Now that we have established that records should be sent periodically over the lifetime of a network flow, the next question is which fields, or “information elements” (IEs), should be included. While there are both delta and total IEs for things like bytes and packets. Almost every vendor sends only the delta values, where the delta is the quantity since the previous record for this flow was exported (or since the flow started if sending the initial record).

Sending only delta values is usually not an issue as it is easy enough at query time to do a sum of the deltas, when a total is needed. I have seen a few examples of vendors sending the total values as well, but it isn’t really important. What should be avoided is sending only total values. That makes it very challenging to work with the data later, especially in combination with records form other sources that provide only delta values. There is nothing wrong with including the total values, but I would simply remove them and gain a bit of efficiency.

Regarding the start and end timestamps. I have to admit that the RFCs aren’t really clear here. My feeling is that for active flows flowEndSeconds should be set the time that the last measurement was taken. However I am going to spend some time going through my collection of PCAPs from different vendors and try to determine if there is any consensus best practice. I will get back to you on this.

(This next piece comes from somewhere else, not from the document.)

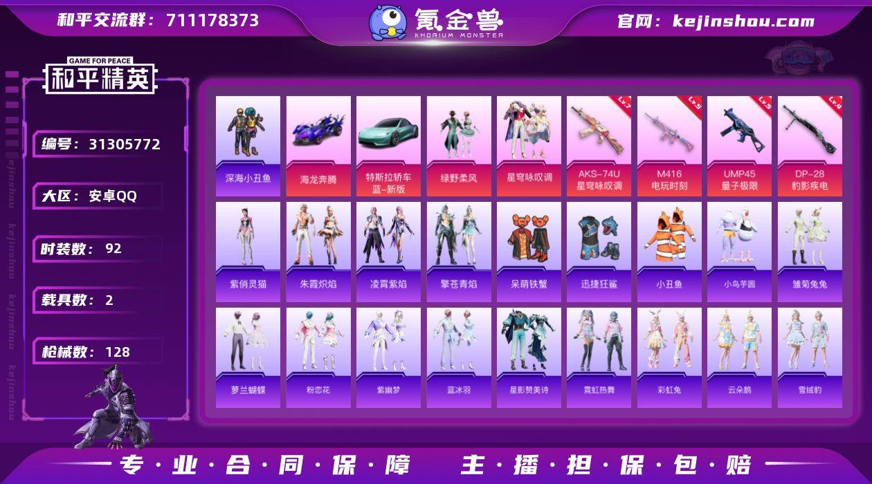 安卓手Q S-ZWM74【2粉装4特效枪2载具1粉色飞行器 深海小丑鱼/小丑鱼/绿野柔风/星穹咏叹调/小鸟芋圆/画境星梦/琴音绮想/呆萌铁蟹/迅捷狂鲨】44047热力值-2王牌印记-92套装-128枪皮 【热门品类】:套装-深海小丑鱼,套装-小丑鱼 【粉色套装】:粉装-绿野柔风,粉装-星穹咏叹调 【粉色枪皮等级】:M416-电玩时刻(五级),UMP45-量子极限(五级),AKS-74U-星穹咏叹调(七级),DP-28-豹影疾电(四级) 【粉色载具】:海龙奔腾,特斯拉Roadster(水滴蓝) 【粉色枪皮】

The last thing I will mention is UDP vs. TCP. I noticed that in the Antrea repo examples that the flowexporter was configured to use TCP. However I set mine up to use UDP. Like many other network-related data sources (SNMP, syslog, etc.) netflow was designed to be sent via UDP. The logic of this is that establishing a TCP session has much more overhead and requires much more network traffic (especially in the reverse direction for ACKs and such) than UDP. During an outage, it is generally undesirable that the overhead of the management traffic attempting to re-establish session is competing with applications to do the same. This is so embedded in the networking mindset that many devices, as well as collectors, do not even support TCP. In fact IPFIX is the only flow standard to even specify optional support for TCP. Since the Antrea exporter supports both, this isn’t an issue. However you should be aware that if people follow the documented example config exactly, some of them might encounter issues because the collector doesn’t support TCP.

Hopefully this was helpful. Let me know if there are any questions that I can help answer.